We will also set the sprinkler controller to reflect average summer conditions, but encourage you to adjust these settings as the season progresses. Even though many systems are equipped with a rain sensor, these only account for wet or dry conditions and do not recognize the difference between a dry day that's 50 degrees and one that 85.

Please inquire about our new "Weather-Based Smart Controllers" which, after our initial programming, enable you to leave it in the "auto" position from March through November, and never touch the settings. This new controller can be fitted to your sprinkler system, saving lots of water, time and money.
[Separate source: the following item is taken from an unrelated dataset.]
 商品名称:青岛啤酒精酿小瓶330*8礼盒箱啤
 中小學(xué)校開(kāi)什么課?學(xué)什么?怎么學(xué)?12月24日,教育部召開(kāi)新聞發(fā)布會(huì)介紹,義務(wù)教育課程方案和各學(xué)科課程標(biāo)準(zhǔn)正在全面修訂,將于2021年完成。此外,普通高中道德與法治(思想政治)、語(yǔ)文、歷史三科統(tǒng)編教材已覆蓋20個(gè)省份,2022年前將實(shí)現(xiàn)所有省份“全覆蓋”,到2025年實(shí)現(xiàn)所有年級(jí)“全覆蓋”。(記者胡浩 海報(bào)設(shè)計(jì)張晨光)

All sprinkler systems should be emptied of water for the four months beginning November 1st. But how is this done to your system?

Older systems were often equipped with gravity manual drains for the pressure mainline, and pressure-sensitive automatic drains for the non-pressure, or lateral lines. But even with many redesigns, these auto drains eventually failed. Consequently, the industry has largely abandoned the use of any drains and opted instead for a winter "blow-out" of all the lines, using compressed air.

Our procedure, then, is to schedule an appointment with you to gain access to the controller, (often in the garage), shut off the sprinkler system's main water supply, connect our air hose to the pressure mainline, (usually at the backflow valve), and blow air through the entire system, zone by zone.

Bring on the freeze!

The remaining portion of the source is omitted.